Work instructions = Copy all lines below exactly as written. Leave pictures out.

Top of Input data

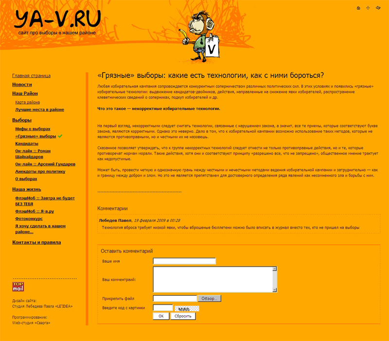 На сайте в доступной форме рассказано о том, какие бывают выборы, как применяют "грязные технологии", организовано общение с кандидатами в депутаты.
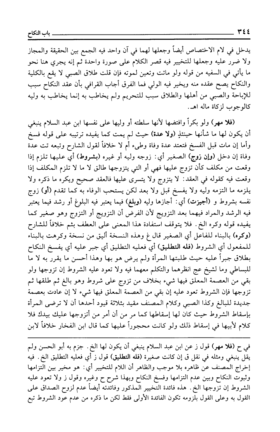 يدخل في لام الاختصاص أيضًا وجعلها لهما في آن واحد فيه الجمع بين الحقيقة والمجاز ولا ضرر عليه وجعلها للتخيير فيه قصر الكلام على صورة واحدة ثم إنه يجري هنا نحو ما يأتي في السفيه من قوله ولو ماتت وتعين لموته فإن قلت طلاق الصبي لا يقع بالكلية والنكاح يصح عقده منه ويخير فيه الولي فما الفرق أجاب القرافي بأن عقد النكاح سبب للإباحة والصبي من أهلها والطلاق سبب للتحريم ولم يخاطب به إنما يخاطب به وليّه كالوجوب لزكاة ماله اهـ.
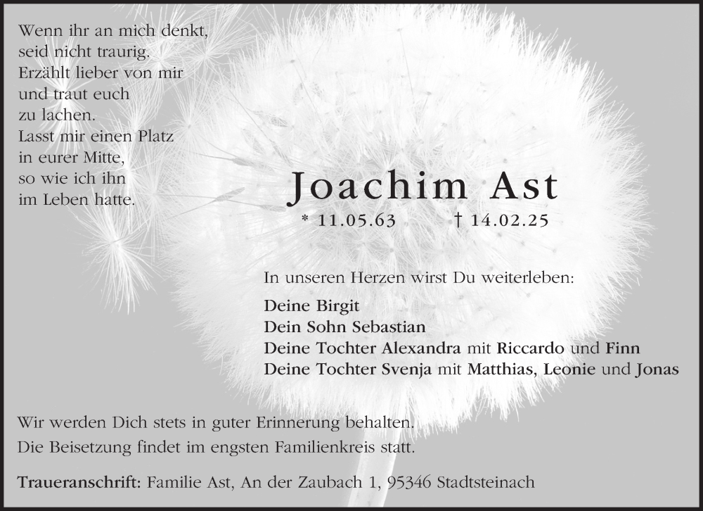 Hier finden Sie alle Traueranzeigen aus der Zeitung, die bisher für Joachim Ast erschienen sind. Weitere Traueranzeigen, die in der Zeitung erscheinen, werden hier ebenfalls aufgelistet
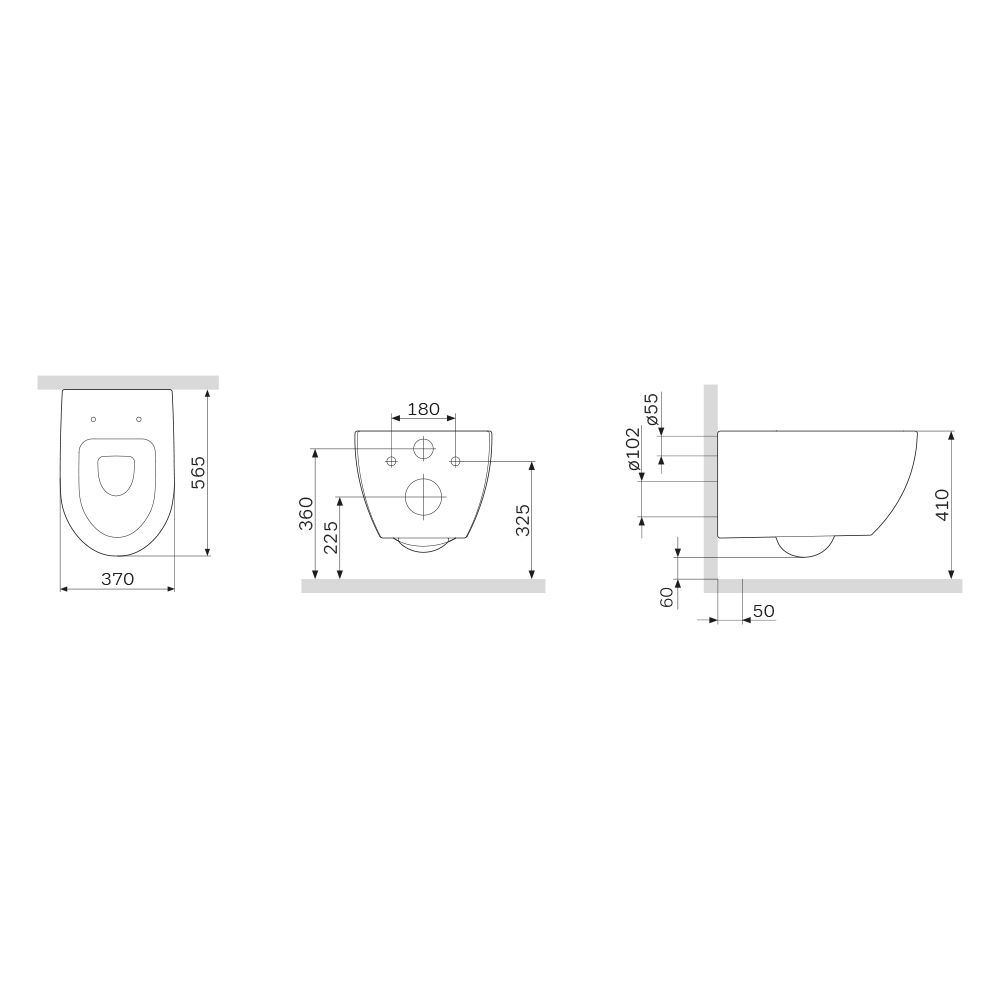 • Прилегание унитаза к стене:
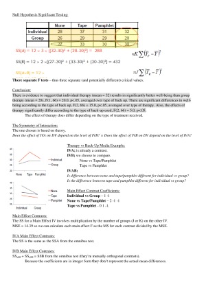 A comprehensive collation of all the PSYC3010 lecture content and tutorial material. These PSYC3010 study notes explain each statistical concept in extreme detail and have all the relevant SPSS Output and Syntax, as well as structured conclusions, provided. All the relevant equations are also included as well as explanations of the variables and constants included in them.
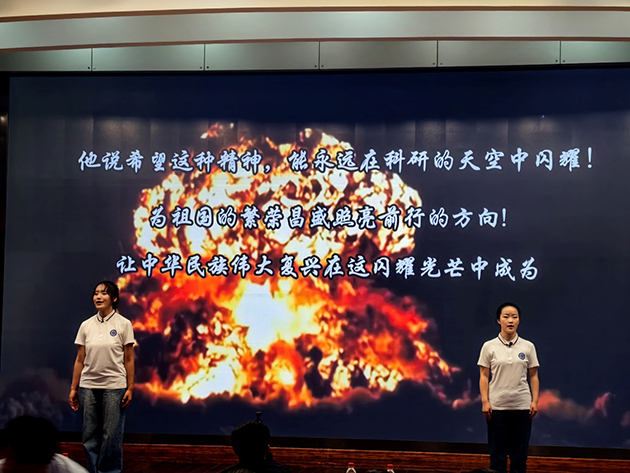 宣講會邀請了中國科學院大學“兩彈一星”精神宣講團作了“青年挺膺擔?厚植家國情懷”的專題宣講,以“講述信仰故事、演繹時代精神、傳承文化使命”為主線,通過宣講、演繹、短劇等不同形式表演了《啟航》《執(zhí)著》《家書》《追夢者?逐夢者》《做祖國的 “鏈條”》等節(jié)目,講述5位元勛矢志報國的動人故事,帶領現(xiàn)場師生沉浸式聆聽了老一輩科學家的動人故事,回望了那段艱苦卓絕卻又激情燃燒的歲月,體味了老一輩科學家熱愛祖國、無私奉獻的家國情懷。
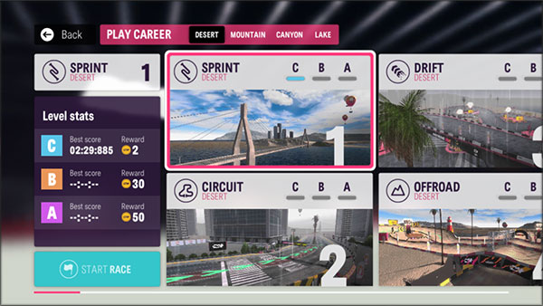 3、游戏拥有相当丰富的游戏内容,包括不同的赛道和不同的游戏模式,让你的游戏体验拥有新奇的体验。
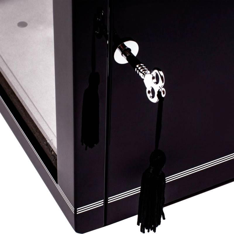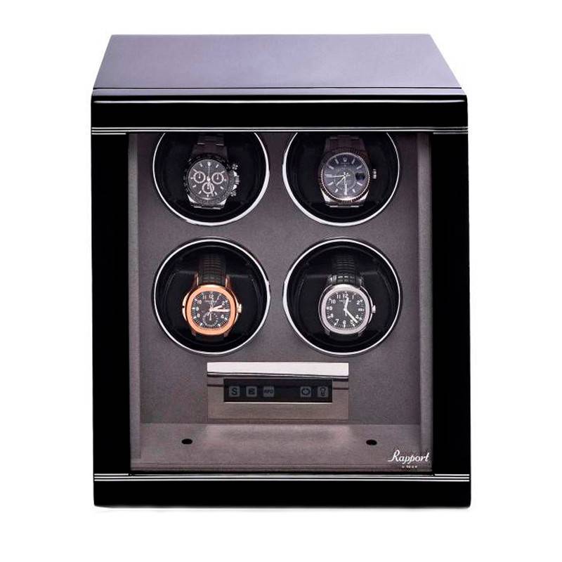 De couleur noire, ce modèle, conçu en bois d'ébène, est doté d'un boîtier verrouillable en verre avec clé qui affiche trois bandes distinctives sur sa face avant. Son intérieur est doublé de velours doux avec éclairage, raccords chromés et il est recouvert d'une laque appliquée à la main pour une finition ultra-moderne. De plus, il peut accueillir jusqu'à quatre montres automatiques, chacune avec son propre réglage qui peut être contrôlé via un écran LCD tactile. Il mesure 270 mm de longueur, 300 mm de hauteur pour une profondeur de 200 mm. Avec un porte-montre en cuir noir, ce remontoir de montre de luxe est adaptable à n'importe quelle taille de bracelet.
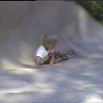 A young boy tries to walk on a frozen lake, but wind blows him backwards, and he falls down repeatedly, then rolls around on the ice. Featured talent cleared (boy on the ice).
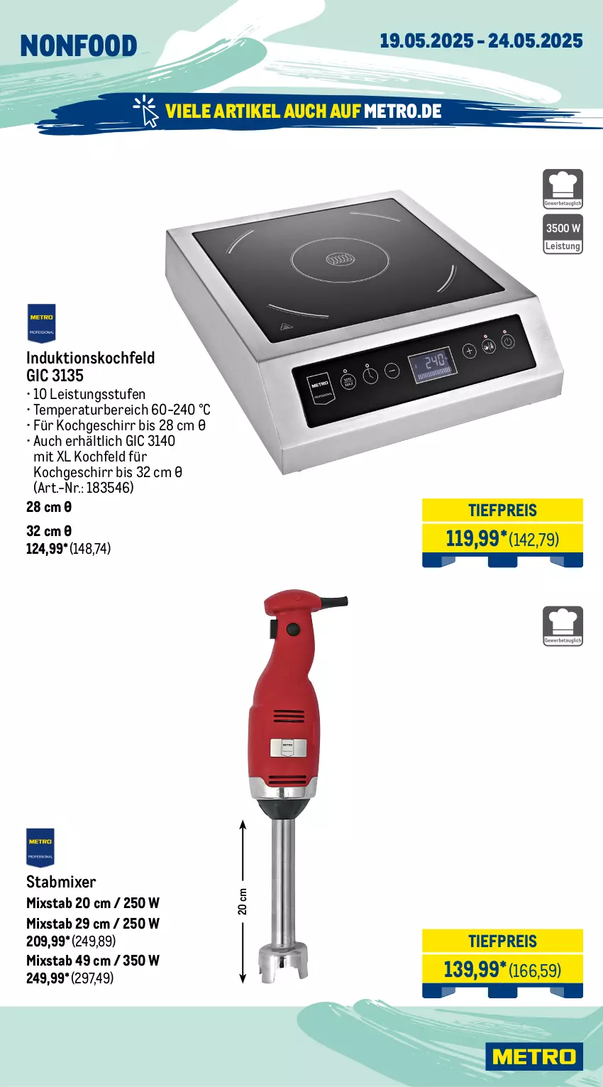NONFOOD 19.05.2025 - 24.05.2025 NONFOOD VIELE ARTIKEL AUCH AUF METRO.DE 19.05.2025 - 24.05.2025 VIELE ARTIKEL AUCH AUF METRO.DE 3500 W Leistung Induktionskochfeld GIC 3135 Akkusauger Duoflex HX1 6) Profi-Bodenstaubsauger Henry Compact HVR160 • HochleistungsIndustriemotor • HochleistungsFiltersystem mit Dauerfilter • Filtervolumen: 6 l • Edelstahlsaugrohr mit Saugstärkeregelung & Geräuschdämpfer, 10 Meter Kabel und 2,2 m Schlauch ** Ihr möglicher Wiederverkaufspreis = unverbindliche Preisempfehlung des Herstellers 6) Nicht in Metro Gastro-Märkten erhältlich. UVP** € 339,00 ANGEBOT nur 199,99* (237,99) TIEFPREIS 32 cm Ø 124,99* (148,74) 119,99* (142,79) 2 x 3 Stk. Filterbeutel NVM-1CH HEPA-FLO Stabmixer UVP** € 225,00 ANGEBOT nur 109,99* (130,89) Mixstab 20 cm / 250 W Mixstab 29 cm / 250 W 209,99* (249,89) Mixstab 49 cm / 350 W 249,99* (297,49) 20 cm • Max. Laufzeit: 55 min, zweistufiges Filtersystem • Speedlock (schneller Wechsel zwischen Komplettund Handgerät) • 10 Leistungsstufen • Temperaturbereich 60-240 °C • Für Kochgeschirr bis 28 cm Ø • Auch erhältlich GIC 3140 mit XL Kochfeld für Kochgeschirr bis 32 cm Ø (Art.-Nr.: 183546) 28 cm Ø TIEFPREIS 139,99* (166,59)
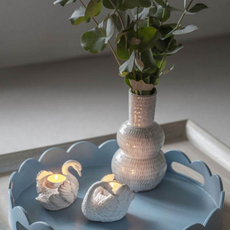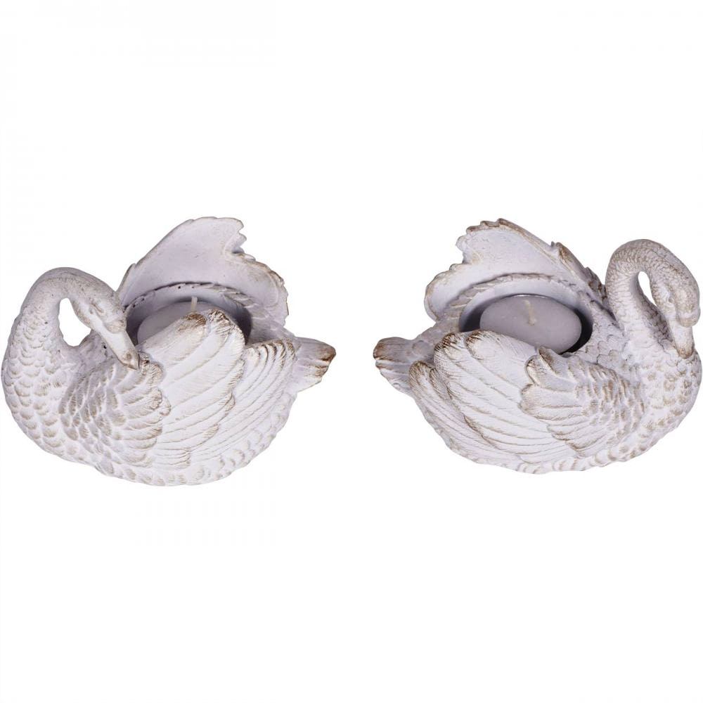 Цей набір із двох свічників у формі лебедів Swan, пофарбованих у потертий білий колір, додасть вишуканості та чарівності вашому інтер'єру. Кожен свічник має висоту 8 см та призначений для стандартних чайних свічок. Вони стануть чудовим доповненням до вашої спальні, надають їй затишку та ніжність. Крім того, це чудовий вибір як подарунок для подруги на її день народження або інший особливий день.
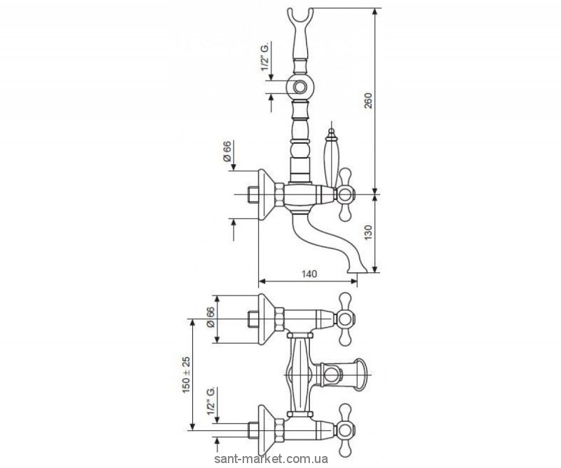 Смеситель двухвентильный для ванны с душем EMMEVI коллекция Deco Old золото OR12611
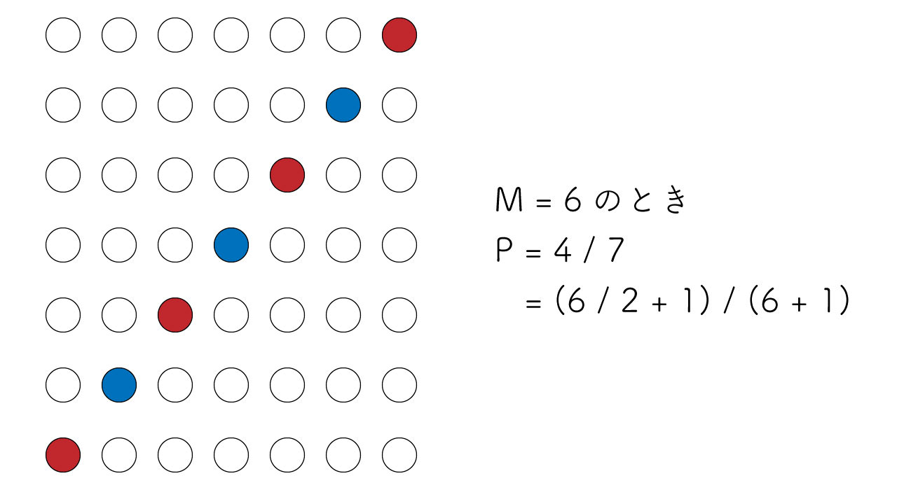 $m_i = 6$ の場合は下図の通り。 一般化すると、 $m_i$ が偶数のときは $p_i = \dfrac{m_i + 2}{2(m_i + 1)}$ となる。
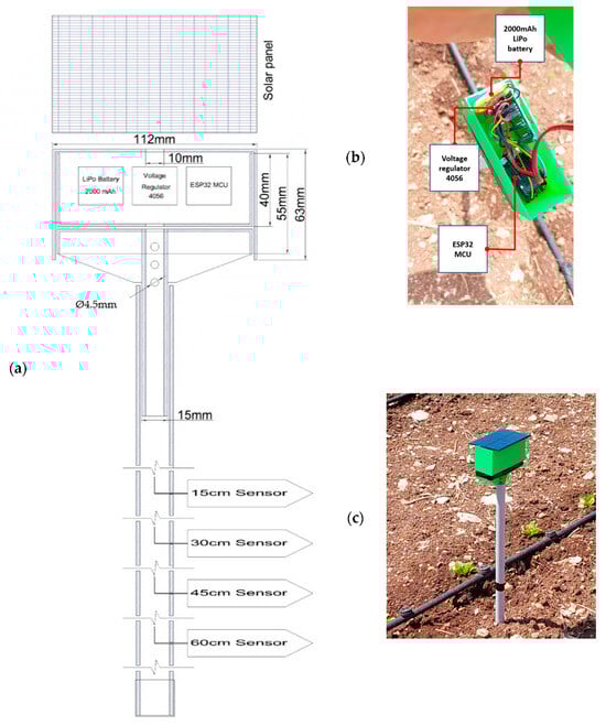 (a) The design of the developed prototype, (b) the components of the measurement unit, and (c) the installment in the field.
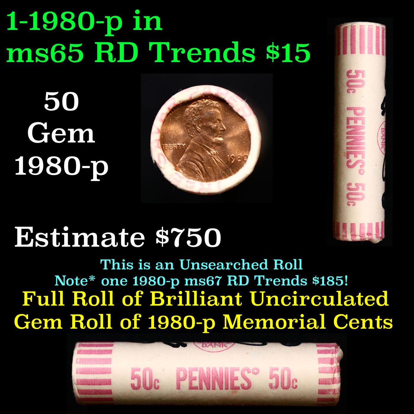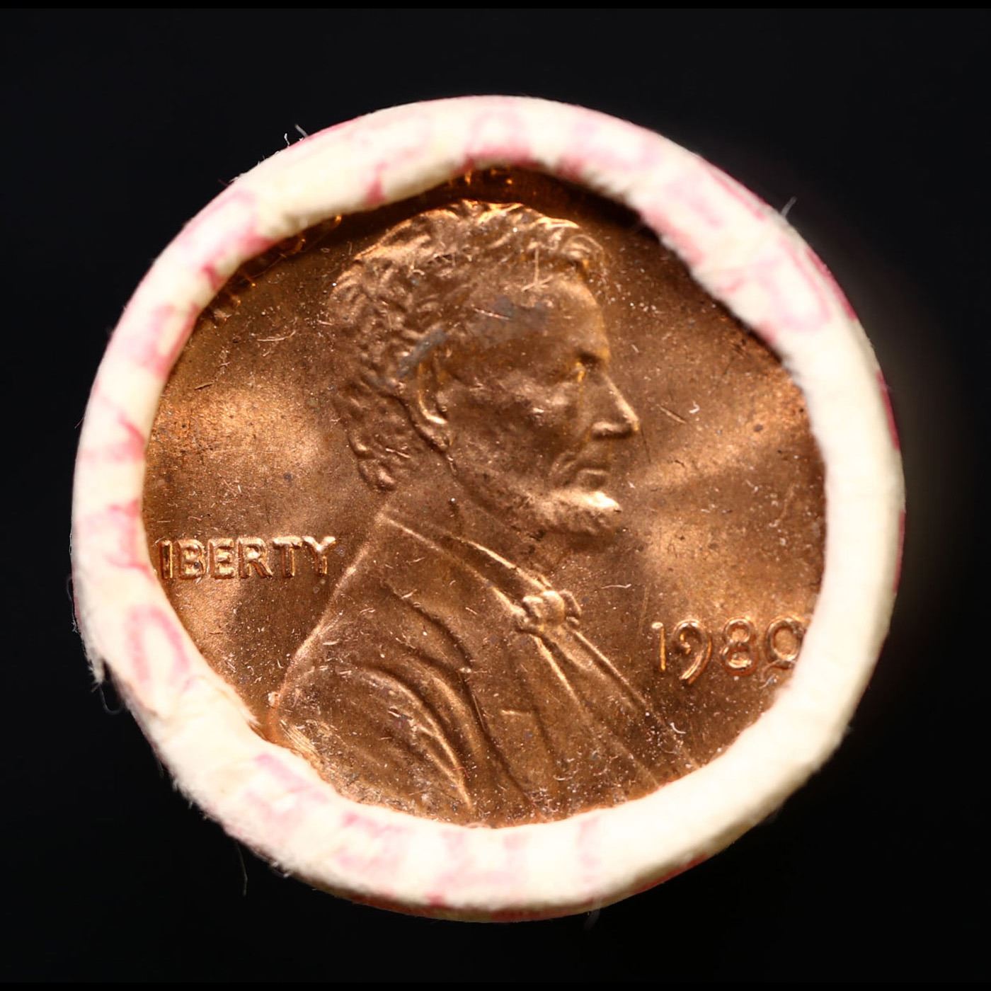 Shotgun Lincoln 1c roll, 1980-p 50 pcs The Philadelphia National Bank Wrapper.. A terrific Shotgun roll of Lincoln cents. Most if not all coin should be cherry red.

Bottom of Input data

Task answer =
 На сайте в доступной форме рассказано о том, какие бывают выборы, как применяют "грязные технологии", организовано общение с кандидатами в депутаты.
 يدخل في لام الاختصاص أيضًا وجعلها لهما في آن واحد فيه الجمع بين الحقيقة والمجاز ولا ضرر عليه وجعلها للتخيير فيه قصر الكلام على صورة واحدة ثم إنه يجري هنا نحو ما يأتي في السفيه من قوله ولو ماتت وتعين لموته فإن قلت طلاق الصبي لا يقع بالكلية والنكاح يصح عقده منه ويخير فيه الولي فما الفرق أجاب القرافي بأن عقد النكاح سبب للإباحة والصبي من أهلها والطلاق سبب للتحريم ولم يخاطب به إنما يخاطب به وليّه كالوجوب لزكاة ماله اهـ.
 Hier finden Sie alle Traueranzeigen aus der Zeitung, die bisher für Joachim Ast erschienen sind. Weitere Traueranzeigen, die in der Zeitung erscheinen, werden hier ebenfalls aufgelistet
 • Прилегание унитаза к стене:
 A comprehensive collation of all the PSYC3010 lecture content and tutorial material. These PSYC3010 study notes explain each statistical concept in extreme detail and have all the relevant SPSS Output and Syntax, as well as structured conclusions, provided. All the relevant equations are also included as well as explanations of the variables and constants included in them.
 宣講會邀請了中國科學院大學“兩彈一星”精神宣講團作了“青年挺膺擔?厚植家國情懷”的專題宣講,以“講述信仰故事、演繹時代精神、傳承文化使命”為主線,通過宣講、演繹、短劇等不同形式表演了《啟航》《執(zhí)著》《家書》《追夢者?逐夢者》《做祖國的 “鏈條”》等節(jié)目,講述5位元勛矢志報國的動人故事,帶領現(xiàn)場師生沉浸式聆聽了老一輩科學家的動人故事,回望了那段艱苦卓絕卻又激情燃燒的歲月,體味了老一輩科學家熱愛祖國、無私奉獻的家國情懷。
 3、游戏拥有相当丰富的游戏内容,包括不同的赛道和不同的游戏模式,让你的游戏体验拥有新奇的体验。
 De couleur noire, ce modèle, conçu en bois d'ébène, est doté d'un boîtier verrouillable en verre avec clé qui affiche trois bandes distinctives sur sa face avant. Son intérieur est doublé de velours doux avec éclairage, raccords chromés et il est recouvert d'une laque appliquée à la main pour une finition ultra-moderne. De plus, il peut accueillir jusqu'à quatre montres automatiques, chacune avec son propre réglage qui peut être contrôlé via un écran LCD tactile. Il mesure 270 mm de longueur, 300 mm de hauteur pour une profondeur de 200 mm. Avec un porte-montre en cuir noir, ce remontoir de montre de luxe est adaptable à n'importe quelle taille de bracelet.
 A young boy tries to walk on a frozen lake, but wind blows him backwards, and he falls down repeatedly, then rolls around on the ice. Featured talent cleared (boy on the ice).
NONFOOD 19.05.2025 - 24.05.2025 NONFOOD VIELE ARTIKEL AUCH AUF METRO.DE 19.05.2025 - 24.05.2025 VIELE ARTIKEL AUCH AUF METRO.DE 3500 W Leistung Induktionskochfeld GIC 3135 Akkusauger Duoflex HX1 6) Profi-Bodenstaubsauger Henry Compact HVR160 • HochleistungsIndustriemotor • HochleistungsFiltersystem mit Dauerfilter • Filtervolumen: 6 l • Edelstahlsaugrohr mit Saugstärkeregelung & Geräuschdämpfer, 10 Meter Kabel und 2,2 m Schlauch ** Ihr möglicher Wiederverkaufspreis = unverbindliche Preisempfehlung des Herstellers 6) Nicht in Metro Gastro-Märkten erhältlich. UVP** € 339,00 ANGEBOT nur 199,99* (237,99) TIEFPREIS 32 cm Ø 124,99* (148,74) 119,99* (142,79) 2 x 3 Stk. Filterbeutel NVM-1CH HEPA-FLO Stabmixer UVP** € 225,00 ANGEBOT nur 109,99* (130,89) Mixstab 20 cm / 250 W Mixstab 29 cm / 250 W 209,99* (249,89) Mixstab 49 cm / 350 W 249,99* (297,49) 20 cm • Max. Laufzeit: 55 min, zweistufiges Filtersystem • Speedlock (schneller Wechsel zwischen Komplettund Handgerät) • 10 Leistungsstufen • Temperaturbereich 60-240 °C • Für Kochgeschirr bis 28 cm Ø • Auch erhältlich GIC 3140 mit XL Kochfeld für Kochgeschirr bis 32 cm Ø (Art.-Nr.: 183546) 28 cm Ø TIEFPREIS 139,99* (166,59)
 Цей набір із двох свічників у формі лебедів Swan, пофарбованих у потертий білий колір, додасть вишуканості та чарівності вашому інтер'єру. Кожен свічник має висоту 8 см та призначений для стандартних чайних свічок. Вони стануть чудовим доповненням до вашої спальні, надають їй затишку та ніжність. Крім того, це чудовий вибір як подарунок для подруги на її день народження або інший особливий день.
 Смеситель двухвентильный для ванны с душем EMMEVI коллекция Deco Old золото OR12611
 $m_i = 6$ の場合は下図の通り。 一般化すると、 $m_i$ が偶数のときは $p_i = \dfrac{m_i + 2}{2(m_i + 1)}$ となる。
 (a) The design of the developed prototype, (b) the components of the measurement unit, and (c) the installment in the field.
 Shotgun Lincoln 1c roll, 1980-p 50 pcs The Philadelphia National Bank Wrapper.. A terrific Shotgun roll of Lincoln cents. Most if not all coin should be cherry red.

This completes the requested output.